Take the whole listing and reproduce it exactly, pictures excepted.

========================

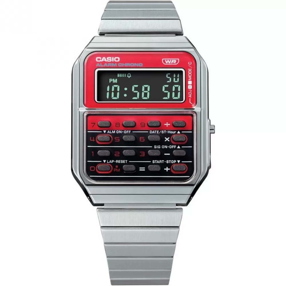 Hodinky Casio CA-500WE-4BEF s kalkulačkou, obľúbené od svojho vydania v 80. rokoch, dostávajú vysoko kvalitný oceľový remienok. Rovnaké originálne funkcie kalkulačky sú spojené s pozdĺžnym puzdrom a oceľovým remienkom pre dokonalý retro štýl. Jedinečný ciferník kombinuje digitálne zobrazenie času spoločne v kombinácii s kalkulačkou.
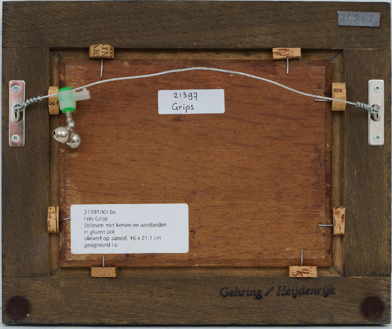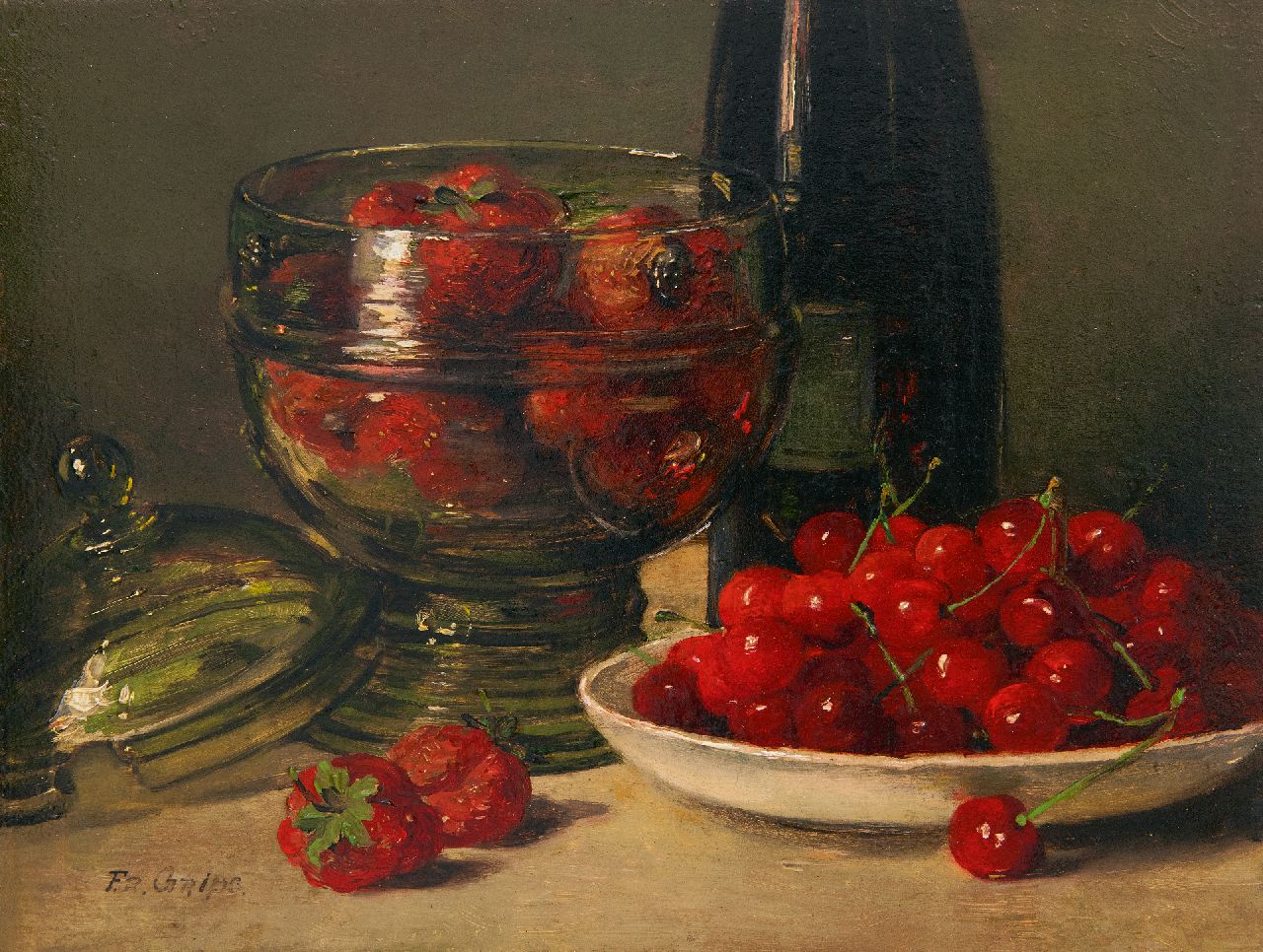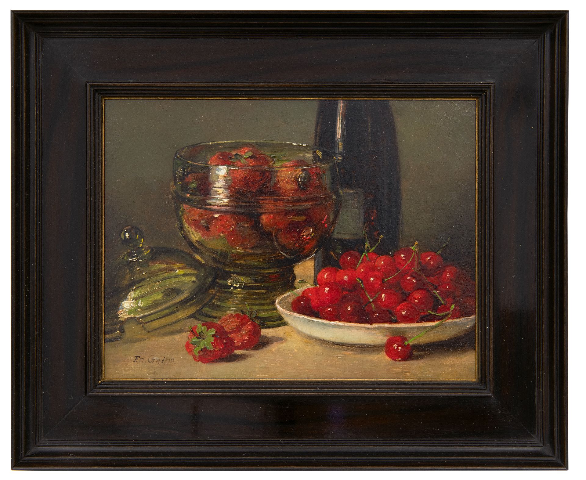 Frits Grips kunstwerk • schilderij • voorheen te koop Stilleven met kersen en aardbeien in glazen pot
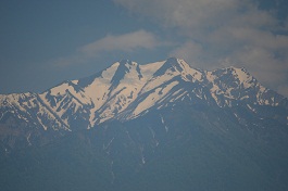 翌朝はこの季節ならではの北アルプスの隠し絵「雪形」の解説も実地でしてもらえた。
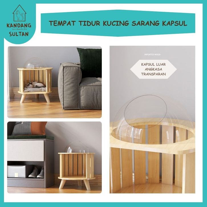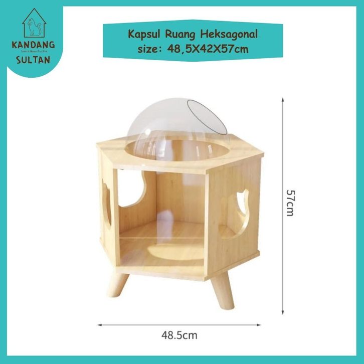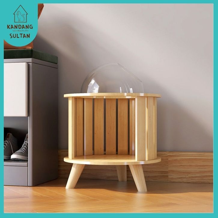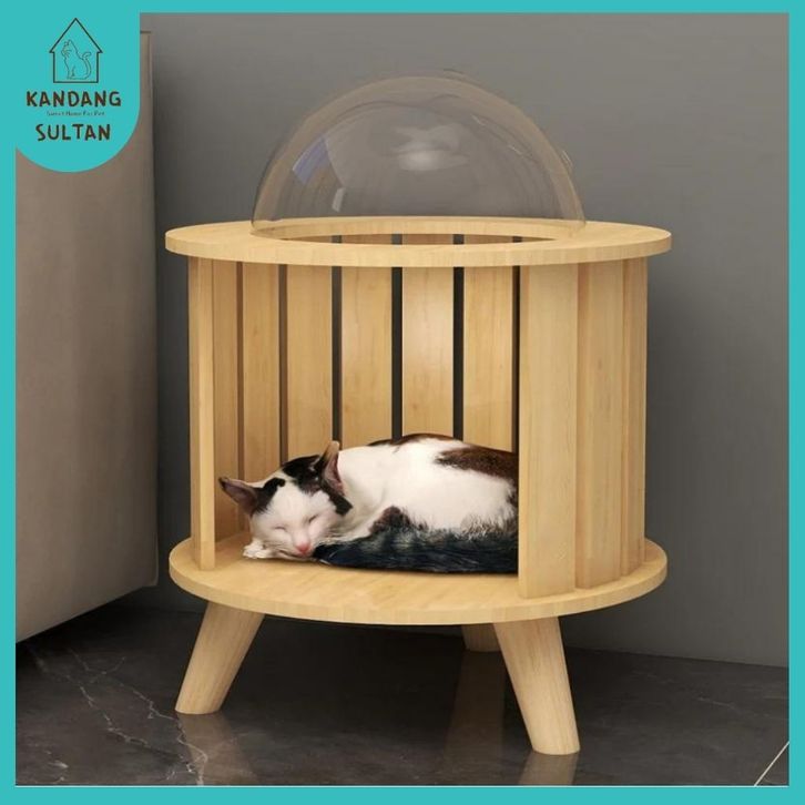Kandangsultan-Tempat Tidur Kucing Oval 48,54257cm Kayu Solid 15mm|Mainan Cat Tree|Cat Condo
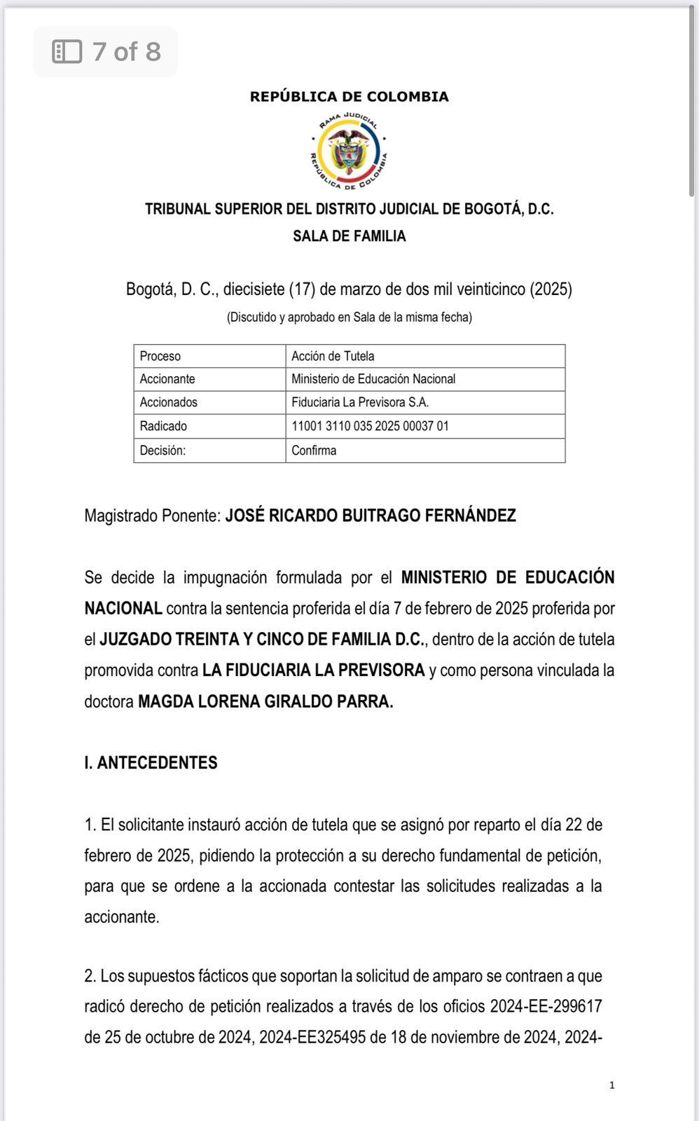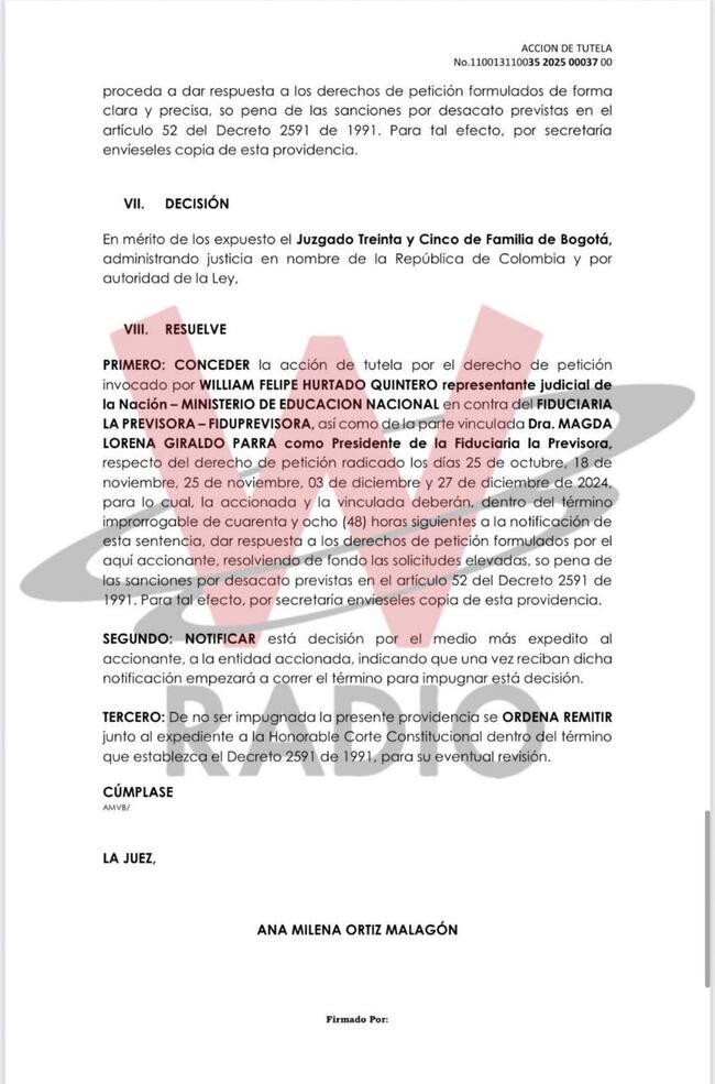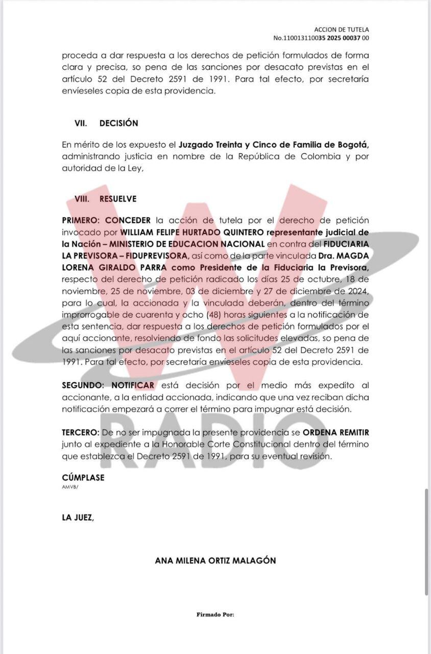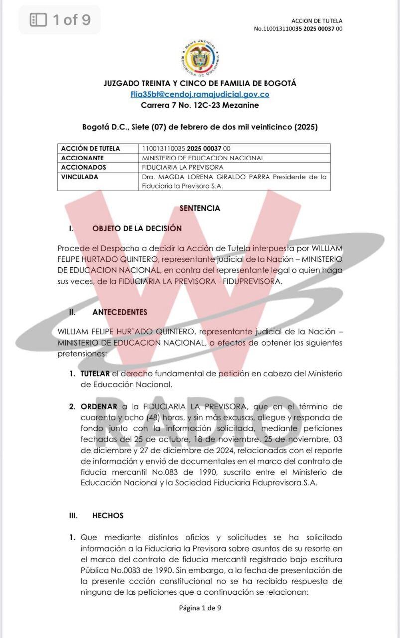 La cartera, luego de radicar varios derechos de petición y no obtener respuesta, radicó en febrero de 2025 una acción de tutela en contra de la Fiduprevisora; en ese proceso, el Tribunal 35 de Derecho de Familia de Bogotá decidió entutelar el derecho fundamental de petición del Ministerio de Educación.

========================

YOUR SOLUTION:
 Hodinky Casio CA-500WE-4BEF s kalkulačkou, obľúbené od svojho vydania v 80. rokoch, dostávajú vysoko kvalitný oceľový remienok. Rovnaké originálne funkcie kalkulačky sú spojené s pozdĺžnym puzdrom a oceľovým remienkom pre dokonalý retro štýl. Jedinečný ciferník kombinuje digitálne zobrazenie času spoločne v kombinácii s kalkulačkou.
 Frits Grips kunstwerk • schilderij • voorheen te koop Stilleven met kersen en aardbeien in glazen pot
 翌朝はこの季節ならではの北アルプスの隠し絵「雪形」の解説も実地でしてもらえた。
Kandangsultan-Tempat Tidur Kucing Oval 48,54257cm Kayu Solid 15mm|Mainan Cat Tree|Cat Condo
 La cartera, luego de radicar varios derechos de petición y no obtener respuesta, radicó en febrero de 2025 una acción de tutela en contra de la Fiduprevisora; en ese proceso, el Tribunal 35 de Derecho de Familia de Bogotá decidió entutelar el derecho fundamental de petición del Ministerio de Educación.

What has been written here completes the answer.